Full Text Search in PostgreSQL is Good Enough
Searching text is non-trivial, but for most use cases we can get 80% of the way there with a little Django + PostgreSQL magic. Our goal is to enable accurate and fast full text searching without setting up any new packages, databases, services, headaches, etc. besides our existing Django (2.x) project with an existing PostgreSQL (>=9.6) database.
We're going to design a simple blog. First, a model:
from django.db import models
class Blog(models.Model):
title = models.TextField()
text = models.TextField()
Each blog post is stored in our Blog model with its title and text. Likely, you've already got a model with some text fields like the Blog model above. We're going to do a few things now:
- Add fields to store vectorized versions of title and text
- Enable indexing on our vectorized fields
- Generate a new migration file
- Add a trigger to automatically populate our vector fields
- Explore searching with our newly enabled full text search
Add Vector Fields
We're going to keep our title and text vectors separate to enable searching through one or both of the fields.
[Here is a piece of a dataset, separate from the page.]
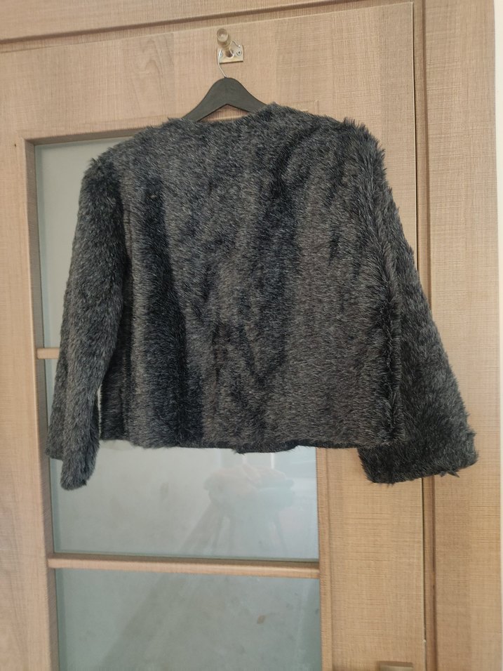 siyah renkli, kısa boy kadın suni kürk ceket, uzun kollu ve yuvarlak yakalıdır. Rahat kesim ve yumuşak dokusuyla günlük sokak stiline uygundur.

It is also possible to vectorize multiple fields into one vector field if you know you're only ever going to search through everything.
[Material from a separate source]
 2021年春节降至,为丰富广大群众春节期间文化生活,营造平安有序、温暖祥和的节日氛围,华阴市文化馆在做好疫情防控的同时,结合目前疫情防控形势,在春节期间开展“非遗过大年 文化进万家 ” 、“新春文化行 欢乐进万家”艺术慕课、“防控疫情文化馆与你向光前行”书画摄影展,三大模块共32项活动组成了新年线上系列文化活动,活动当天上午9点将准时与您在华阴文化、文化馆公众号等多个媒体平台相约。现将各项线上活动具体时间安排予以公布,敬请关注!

Our new model looks like this:
from django.contrib.postgres.search import SearchVectorField
from django.db import models
class Blog(models.Model):
title = models.TextField()
text = models.TextField()
title_vector = SearchVectorField(null=True)
text_vector = SearchVectorField(null=True)
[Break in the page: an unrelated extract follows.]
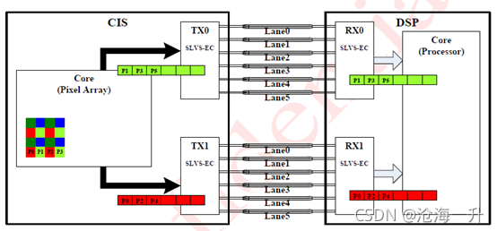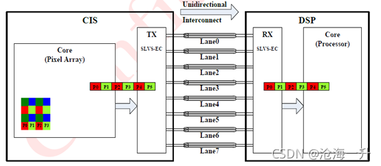 像素数据通过一对SLVS-EC的发射器(TX)和接收器(RX)从一个CIS传输到一个DSP。SLVS-EC只提供从CIS到DSP的单向数据传输。每个SLVS-EC的TX和RX所支持的Lane的最大数量应是8个Lane。

You will note the "null=True
" kwarg passed into SearchVectorField
. We need to populate the vectors after their source fields have data in them, so we cannot create the vectors until after a Blog instance is saved. We will be adding a trigger later to automatically populate the vector fields, but first we need to set up a few more things.
Enable indexing on vector fields
We have two options for vector indexes in Postgres: GIN and GiST. It's worth reading The Documentation on the differences, but we're just going to go ahead and use GIN and not worry too much about the details.
Adding indexing to our vector fields is straightforward:
from django.contrib.postgres.indexes import GinIndex
from django.contrib.postgres.search import SearchVectorField
from django.db import models
class Blog(models.Model):
title = models.TextField()
text = models.TextField()
title_vector = SearchVectorField(null=True)
text_vector = SearchVectorField(null=True)
class Meta:
indexes = [GinIndex(fields=[
'text_vector',
'title_vector',
])]
With the GinIndex in place, we have everything setup on the model that we will need, but we still need to reflect these changes in our database.
Generate a New Migration
The next two parts assume you have a django project, you have an app called search containing your Blog model, and the search app is in your INSTALLED_APPS.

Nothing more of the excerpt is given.